You’re looking at almost over 80 percent of the damage is either corrosion, excavation, or outside force. Those are the areas that the Pipeline Safety Act and the regulatory bodies have focused on over the course of the history of regulatory rule making.

One of the things to think about if you’re looking at this at a very high level and you’re thinking about, “What are we doing over the course of decades?” As we begin to get technologies in that improve our performance in one area, we then find another area becoming that thing that we have the most concern about. This is a continuing process.

The way that the rule-making authorities look at this is, they’re looking at what are they doing through their program over the course of much longer periods of time. In 2011, INGAA, which is the Interstate Natural Gas Association of America — think of that as the big gas transmission and distribution companies — adopted five guiding principles for pipeline safety, the goal of which is zero incidents.

In all of these conversations about pipeline safety, that’s where we’re trying to drive the needle. We’re trying to drive the needle to zero incidents. That’s an incremental process. It’s the kind of thing you’re going to do over time. To some degree, that’s an aspirational goal. It’s certainly the only goal that makes sense. In their five guiding principles, they are these.

One, to inspect 100 percent of pipe within any kind of probable impact radius. By looking at the pipe, its size, the pressure it’s carrying, the BTU of the gas, and looking at a probable impact ratio, make sure that 70 percent of the population within these are inspected by 2020, and 100 percent by 2030. Really a focus not just on integrity management, but also a focus on where the risk exists.

Number two, raise standards for corrosion anomaly management and to develop industry consensus about how to apply those standards in and outside of high consequence areas. Third, demonstrate that pre regulation pipelines located in high population areas are fit for service through validation of records and confirmation of maximum allowable operating protocol.

Basically, implement a form of fitness for service protocol as newly constructed pipe or previously unregulated pipe that becomes regulated, a mechanism for orthogonally and systematically bringing into their control.

Number four, shorten pipeline isolation and response time in high-consequence areas to one hour, from incidence recognition to the start of valve closure procedures. I think we could probably do an episode just on that conversation. For anybody who’s listening, who doesn’t operate pipelines in natural gas service, one hour seems like a long time.
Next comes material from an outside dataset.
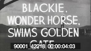 Wilfred Roberts and Shortie Roberts lead Blackie the horse along the beach near the Golden Gate Bridge and enter the water. From a rowboat, Wilfred baits Blackie with sugar, who swims after it pulling Shortie, who hangs onto a rope tied to Blackie's tail.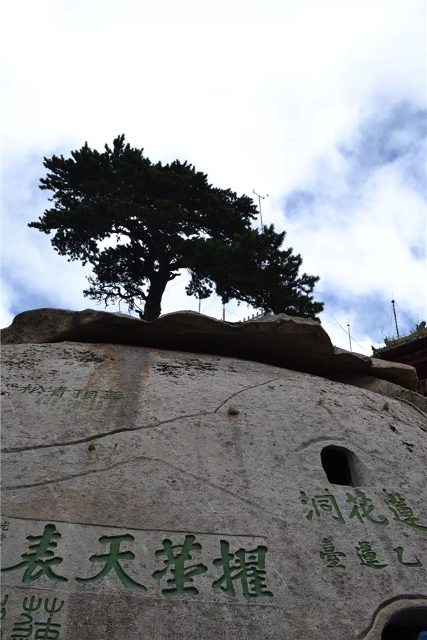小心謹(jǐn)慎通過青龍背,迎面一方碩大石體,石壁滿布?xì)v代石刻,頂端平坦,狀如蓮花,也許這就是西峰又名蓮花峰的由來吧!行不遠(yuǎn),有巨石懸于頭側(cè),原來這就是大名鼎鼎的斧劈石!孩子聽著我講沉血“劈山救母”的美麗傳說,對(duì)沉香手中的神斧產(chǎn)生了濃厚的興趣。那巨大的石頭,被神斧劈開,斷面整齊利落,就那么懸在山頂,好像一陣風(fēng)就能吹落。我拉著孩子快步通過斧劈石,總感覺巨石會(huì)從天而降!

The challenge in a natural gas system is, most of these systems were built to keep the service on. If I have an incident during the cold season and people are relying on natural gas to heat their homes, I need to be very intentional about how I isolate and operate those valves.
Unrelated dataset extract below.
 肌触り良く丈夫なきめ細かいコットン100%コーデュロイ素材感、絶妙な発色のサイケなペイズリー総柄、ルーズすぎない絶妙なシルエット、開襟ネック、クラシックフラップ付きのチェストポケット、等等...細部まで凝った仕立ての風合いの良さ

Same kind of thing, many of our power plants in the United States now are operated off of natural gas. If I’m trying to isolate an issue, I need to look at what’s the impact on others, including what would be considered safe closing or safe shut down for facilities that might be impacted by shutting off gas and isolating a problem. This is actually a really complicated challenge.

Then lastly, number five was to implement recognized best practices to collaborate between stakeholders, then to increase the awareness and adoption of those best practices. Communities, regulatory authorities, first responders, operators etc., all these are people that would be stakeholders.

Those are five guiding principles. If you look at what’s going on in the regulatory rule-making right now, you can actually see those principles informing and influencing what’s happening in the rule-making process. Let’s talk about what’s going on right now in natural gas pipeline rule-making. There’s a couple of things.

First, there’s a whole new set of regulations going through the process, and related to plastic pipe. I am certainly no expert in plastic pipe and gas distribution, but what I can say that I do know about plastic pipe is, there’s more and more of it being used. It has some benefits from the standpoint of, it doesn’t have the corrosion problems.

Of course, it still has mechanical damage issues and other kinds of issues. Because corrosion is not the primary thing for managing plastic pipe, other factors are. Because much of the plastic pipe that’s being installed operates at much lower pressures, there’s a new set of guidelines, standards, and regulatory requirements that are working their way through the rule-making process.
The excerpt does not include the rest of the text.